WHAT THE TASK REQUIRES: For each line below that contains the word "patch", make a copy.

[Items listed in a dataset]
--
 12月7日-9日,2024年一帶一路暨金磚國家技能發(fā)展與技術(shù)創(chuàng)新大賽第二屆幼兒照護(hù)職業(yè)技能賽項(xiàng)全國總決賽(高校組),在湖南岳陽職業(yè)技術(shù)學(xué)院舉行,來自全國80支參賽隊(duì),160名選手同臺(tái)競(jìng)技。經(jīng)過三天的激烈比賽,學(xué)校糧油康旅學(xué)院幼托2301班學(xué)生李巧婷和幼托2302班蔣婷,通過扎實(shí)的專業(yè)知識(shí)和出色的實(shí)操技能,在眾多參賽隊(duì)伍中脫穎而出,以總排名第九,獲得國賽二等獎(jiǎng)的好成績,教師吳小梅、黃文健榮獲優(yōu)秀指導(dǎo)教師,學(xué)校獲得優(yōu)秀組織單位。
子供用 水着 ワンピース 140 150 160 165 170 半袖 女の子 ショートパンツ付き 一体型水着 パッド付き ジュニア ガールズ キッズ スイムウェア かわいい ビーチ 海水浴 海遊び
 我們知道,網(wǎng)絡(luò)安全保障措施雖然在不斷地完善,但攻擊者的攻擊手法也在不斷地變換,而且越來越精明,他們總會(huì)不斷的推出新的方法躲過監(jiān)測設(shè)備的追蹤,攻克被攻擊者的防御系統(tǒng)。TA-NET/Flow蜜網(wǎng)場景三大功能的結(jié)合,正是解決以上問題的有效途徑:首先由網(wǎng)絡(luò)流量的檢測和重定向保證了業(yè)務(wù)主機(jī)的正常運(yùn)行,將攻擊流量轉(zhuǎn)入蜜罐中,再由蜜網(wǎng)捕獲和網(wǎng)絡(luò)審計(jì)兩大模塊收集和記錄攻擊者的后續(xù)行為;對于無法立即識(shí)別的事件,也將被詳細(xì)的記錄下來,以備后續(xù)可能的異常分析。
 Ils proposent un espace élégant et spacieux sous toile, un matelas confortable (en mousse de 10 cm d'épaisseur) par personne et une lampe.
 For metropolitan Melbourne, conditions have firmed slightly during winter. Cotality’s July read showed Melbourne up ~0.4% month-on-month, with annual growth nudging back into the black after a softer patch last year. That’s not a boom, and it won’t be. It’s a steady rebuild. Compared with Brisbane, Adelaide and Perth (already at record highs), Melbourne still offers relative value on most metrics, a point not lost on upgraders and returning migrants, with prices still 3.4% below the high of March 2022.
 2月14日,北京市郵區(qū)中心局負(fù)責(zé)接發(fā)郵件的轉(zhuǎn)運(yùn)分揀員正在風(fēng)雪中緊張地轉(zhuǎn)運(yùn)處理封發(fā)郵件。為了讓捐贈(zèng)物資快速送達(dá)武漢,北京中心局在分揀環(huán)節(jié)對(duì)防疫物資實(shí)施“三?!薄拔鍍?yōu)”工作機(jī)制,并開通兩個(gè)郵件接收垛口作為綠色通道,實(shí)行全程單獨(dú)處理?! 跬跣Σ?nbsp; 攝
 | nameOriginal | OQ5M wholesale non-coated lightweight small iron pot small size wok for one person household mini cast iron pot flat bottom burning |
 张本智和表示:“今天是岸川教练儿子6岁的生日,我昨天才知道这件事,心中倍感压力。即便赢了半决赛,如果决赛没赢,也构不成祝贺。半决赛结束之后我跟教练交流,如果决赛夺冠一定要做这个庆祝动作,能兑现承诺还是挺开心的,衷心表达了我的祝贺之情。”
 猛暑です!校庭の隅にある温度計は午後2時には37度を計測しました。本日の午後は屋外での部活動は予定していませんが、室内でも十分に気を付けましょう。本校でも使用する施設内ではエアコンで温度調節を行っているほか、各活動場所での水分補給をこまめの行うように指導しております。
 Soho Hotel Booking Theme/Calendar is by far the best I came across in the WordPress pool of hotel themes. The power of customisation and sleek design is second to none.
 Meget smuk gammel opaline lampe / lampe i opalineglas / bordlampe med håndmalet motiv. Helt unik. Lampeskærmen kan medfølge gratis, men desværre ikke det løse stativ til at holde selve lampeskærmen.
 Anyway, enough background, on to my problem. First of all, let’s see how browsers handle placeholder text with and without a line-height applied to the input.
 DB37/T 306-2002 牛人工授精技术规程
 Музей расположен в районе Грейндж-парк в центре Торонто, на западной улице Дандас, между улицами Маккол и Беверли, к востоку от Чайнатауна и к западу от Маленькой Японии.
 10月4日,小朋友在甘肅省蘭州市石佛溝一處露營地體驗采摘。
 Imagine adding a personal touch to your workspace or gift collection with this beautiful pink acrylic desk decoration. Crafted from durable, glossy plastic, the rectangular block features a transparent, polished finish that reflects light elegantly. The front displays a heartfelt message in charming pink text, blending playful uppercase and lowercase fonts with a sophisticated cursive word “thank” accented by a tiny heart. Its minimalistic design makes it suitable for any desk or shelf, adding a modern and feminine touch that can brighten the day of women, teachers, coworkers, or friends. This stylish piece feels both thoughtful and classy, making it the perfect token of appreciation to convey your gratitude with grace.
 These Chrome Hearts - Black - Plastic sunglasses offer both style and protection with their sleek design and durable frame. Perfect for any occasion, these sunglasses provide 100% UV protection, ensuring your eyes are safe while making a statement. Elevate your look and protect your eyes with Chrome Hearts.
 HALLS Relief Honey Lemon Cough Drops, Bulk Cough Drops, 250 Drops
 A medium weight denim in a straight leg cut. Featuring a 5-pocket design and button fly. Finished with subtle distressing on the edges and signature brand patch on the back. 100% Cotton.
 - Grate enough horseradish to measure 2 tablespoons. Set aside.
--
WRITTEN REPLY:
 For metropolitan Melbourne, conditions have firmed slightly during winter. Cotality’s July read showed Melbourne up ~0.4% month-on-month, with annual growth nudging back into the black after a softer patch last year. That’s not a boom, and it won’t be. It’s a steady rebuild. Compared with Brisbane, Adelaide and Perth (already at record highs), Melbourne still offers relative value on most metrics, a point not lost on upgraders and returning migrants, with prices still 3.4% below the high of March 2022.
 A medium weight denim in a straight leg cut. Featuring a 5-pocket design and button fly. Finished with subtle distressing on the edges and signature brand patch on the back. 100% Cotton.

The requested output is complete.